Similar to the hedonic method, you need:

* A date column (e.g., "sale_date")
* A price column (e.g., "sale_price")
* Property characteristics
* A transaction identifier

Example setup:

.. code-block:: python

    >>> from hpipy.datasets import load_ex_sales
    >>> from hpipy.period_table import PeriodTable
    >>> from hpipy.trans_data import HedonicTransactionData

    # Load sales data.
    >>> df = load_ex_sales()

    # Create period table.
    >>> sales_hdata = PeriodTable(df).create_period_table(
    ...     "sale_date",
    ...     periodicity="monthly",
    ... )

    # Prepare hedonic data.
    >>> trans_data = HedonicTransactionData(sales_hdata).create_transactions(
    ...     prop_id="pinx",
    ...     trans_id="sale_id",
    ...     price="sale_price",
    ... )

Creating the Index
------------------

Create a random forest-based index:

.. code-block:: python

    >>> from hpipy.extensions import RandomForestIndex

    # Create the index.
    >>> hpi = RandomForestIndex.create_index(
    ...     trans_data=trans_data,
    ...     prop_id="pinx",
    ...     trans_id="sale_id",
    ...     price="sale_price",
    ...     date="sale_date",
    ...     dep_var="price",
    ...     ind_var=["tot_sf", "beds", "baths"],
    ...     log_dep=True,
    ...     n_estimators=100,
    ...     smooth=True,
    ...     random_seed=0,
    ... )

Parameters
----------

The main parameters for random forest index creation are:

.. admonition:: Parameters
   :class: hint

   **dep_var** : str
       Dependent variable to model.

   **ind_var** : list
       Independent variables to use in the model.

   **log_dep** : bool
       Whether to use log of price as dependent variable (recommended).

   **n_estimators** : int
       Number of trees in the forest (default: 100).

Feature Importance
------------------

The random forest model is implemented using the `RandomForestRegressor <https://scikit-learn.org/stable/modules/generated/sklearn.ensemble.RandomForestRegressor.html>`_ class from scikit-learn (or the `RandomForestQuantileRegressor <https://zillow.github.io/quantile-forest/generated/quantile_forest.RandomForestQuantileRegressor.html>`_ class from quantile-forest, which extends the scikit-learn implementation).
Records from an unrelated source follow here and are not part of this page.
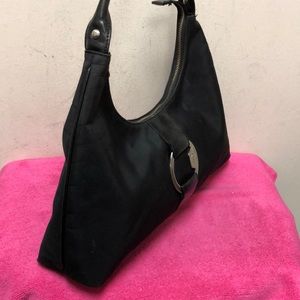 Anne Klein Hobo purse in black in nylon with genuine leather trim. So elegant in its clear cut simplicity with top zipper closure but with missing pull tag. See last frame; otherwise, purse is in very good condition. Spacious. Nice pattern. 16”x9x3”. Item 3048101
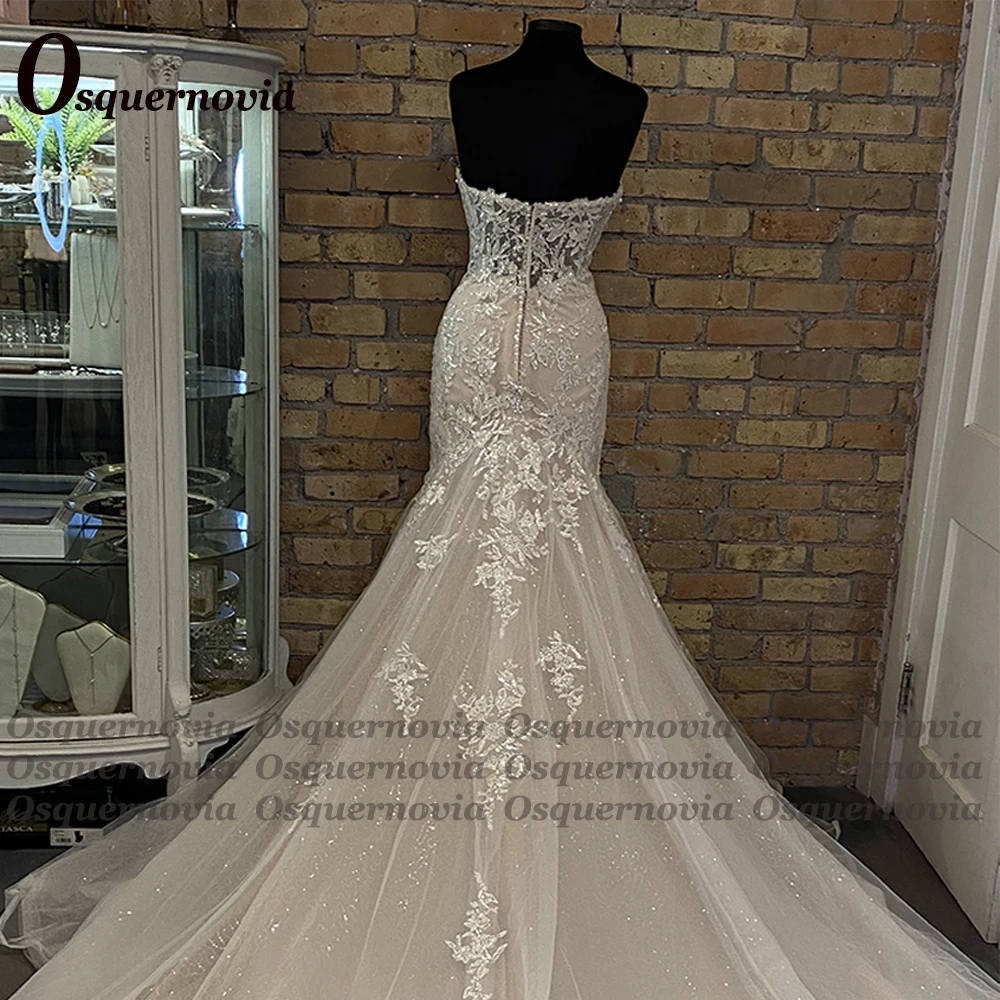Osquernovia Luxury Mermaid Wedding Dress 2024 Sequins Appliques Sweetheart Backless Glitter Tulle Real Picture Robe De Mariée
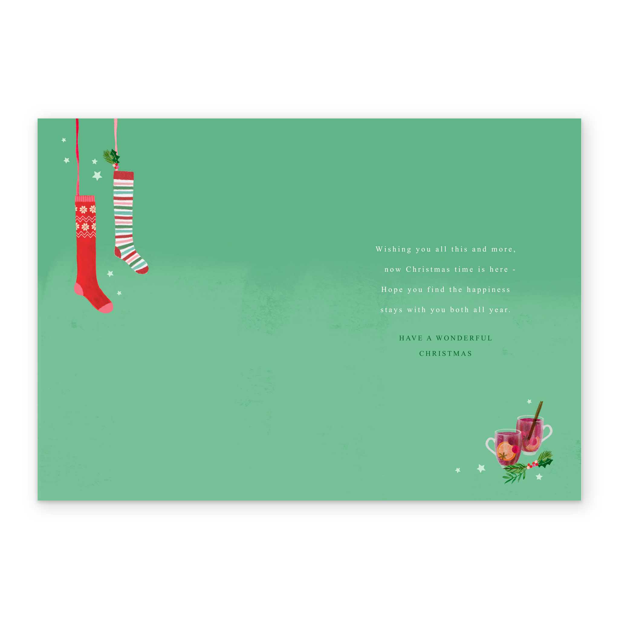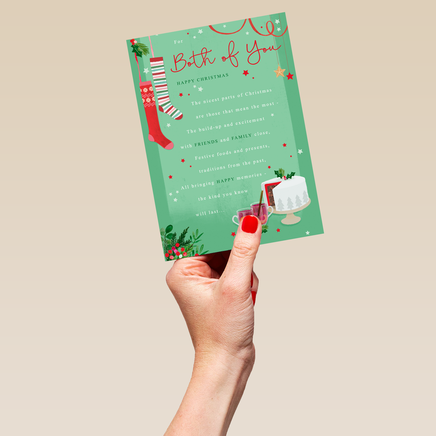 Show them you care with a personalised traditional Christmas to both cake & stockings verse card from Hallmark. Our greetings cards are printed on premium quality, FSC®-certified card & delivered nationwide. This card is available as standard 12cm by 16.7cm and large 15.5cm by 21.6cm.
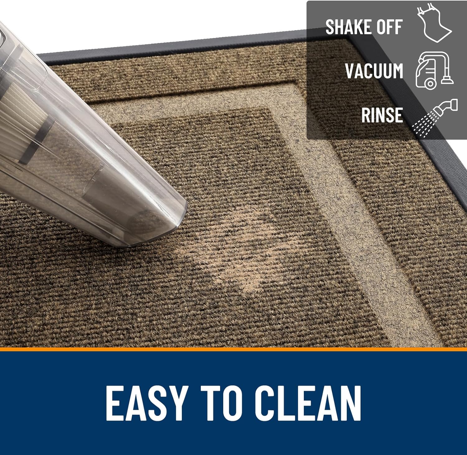 • [EASY TO CLEAN] The OLANLY front door mat is designed for quick and effective cleaning using a vacuum or traditional broom cleaning methods. Additionally, tapping and shaking the back of the doormat helps remove residual debris. For a deeper clean, rinse it with a garden hose and hang the mat in a ventilated place or dry it in a dryer. This versatile cleaning method ensures that your doormat stays clean and tidy, ready to welcome guests.
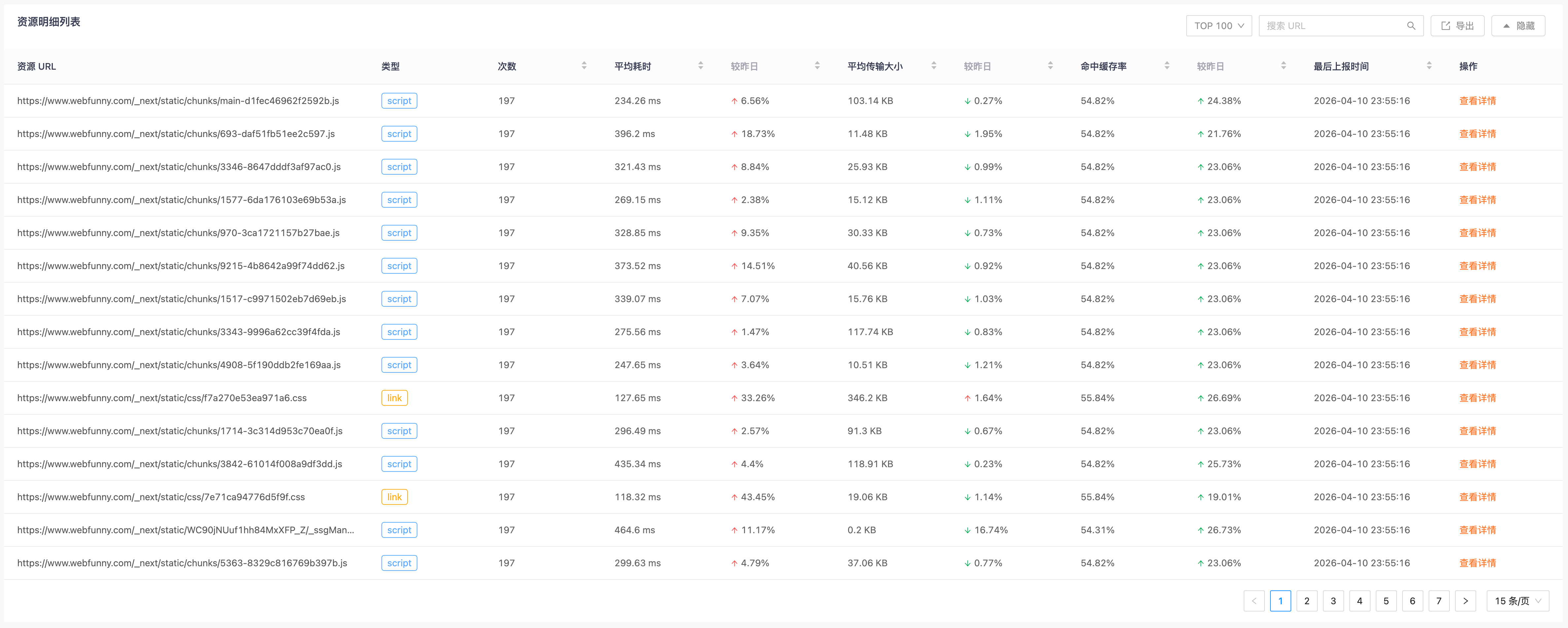 「资源性能」的价值不在于告诉我们“有没有慢资源”,而在于能否把“慢资源”转化为一份可落地的优化清单。当你能明确是哪类资源、哪个阶段、哪些 URL、哪些区域出现问题时,性能优化就不再是拍脑袋的经验驱动,而是精准的数据驱动。从总览到详情,从趋势到分布,这套体系让资源性能治理变得有迹可循,让每一字节的传输都物超所值。
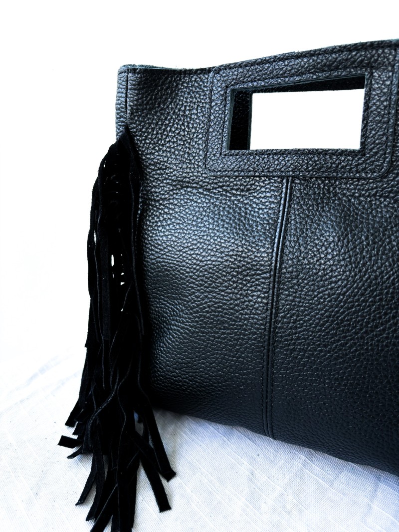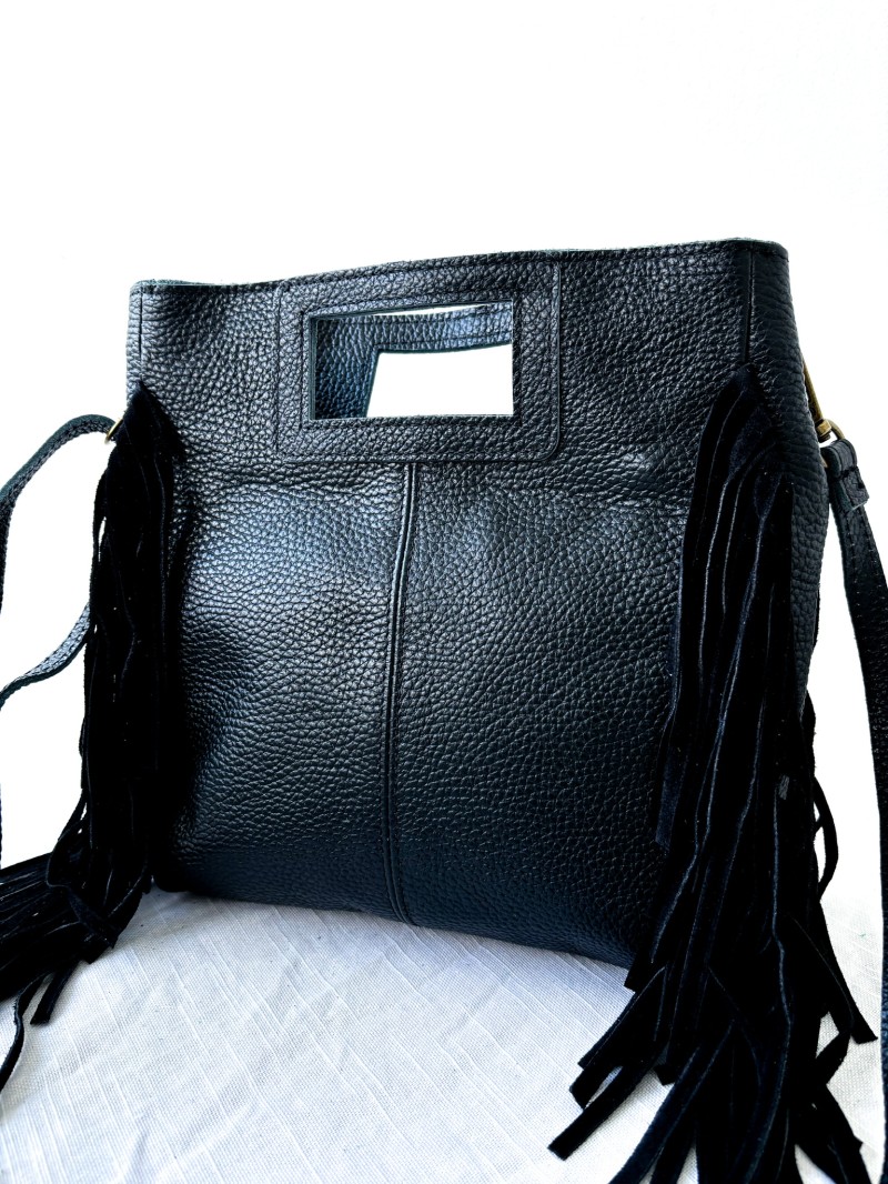 Ontdek de leren tas Mare, een uniek stuk dat elegantie en karakter combineert. Met de franjes aan de zijkant voegt hij een vleugje bohemian chic toe aan al je outfits. De tas is gemaakt van hoogwaardig mat leer en is slijtvast, soepel en verfijnd. Er zijn twee draagmogelijkheden: een kort geïntegreerd handvat en een verstelbare schouderriem voor optimaal draagcomfort. Dankzij de rechthoekige opening is hij gemakkelijk vast te houden en heb je snel toegang tot je benodigdheden. Ideaal voor een elegant avondje uit of om stijl toe te voegen aan je dagelijkse leven.

We can access the feature importance from the model object:

.. code-block:: python

    >>> importance = hpi.model.model_obj.feature_importances_
    >>> importance
    array(...)

Similarly, we can leverage the `partial_dependence <https://scikit-learn.org/stable/modules/partial_dependence.html>`_ function to plot the partial dependence of the model on particular features. Here, we plot the partial dependence on the transaction period, which can be used to derive the index:

.. code-block:: python

    >>> import altair as alt
    >>> import pandas as pd
    >>> from sklearn.inspection import partial_dependence

    >>> predictions = partial_dependence(
    ...    hpi.model.model_obj,
    ...    hpi.model.X,
    ...    features=["trans_period"],
    ... )
    >>> df_pdp = pd.DataFrame({k: v[0] for k, v in predictions.items()})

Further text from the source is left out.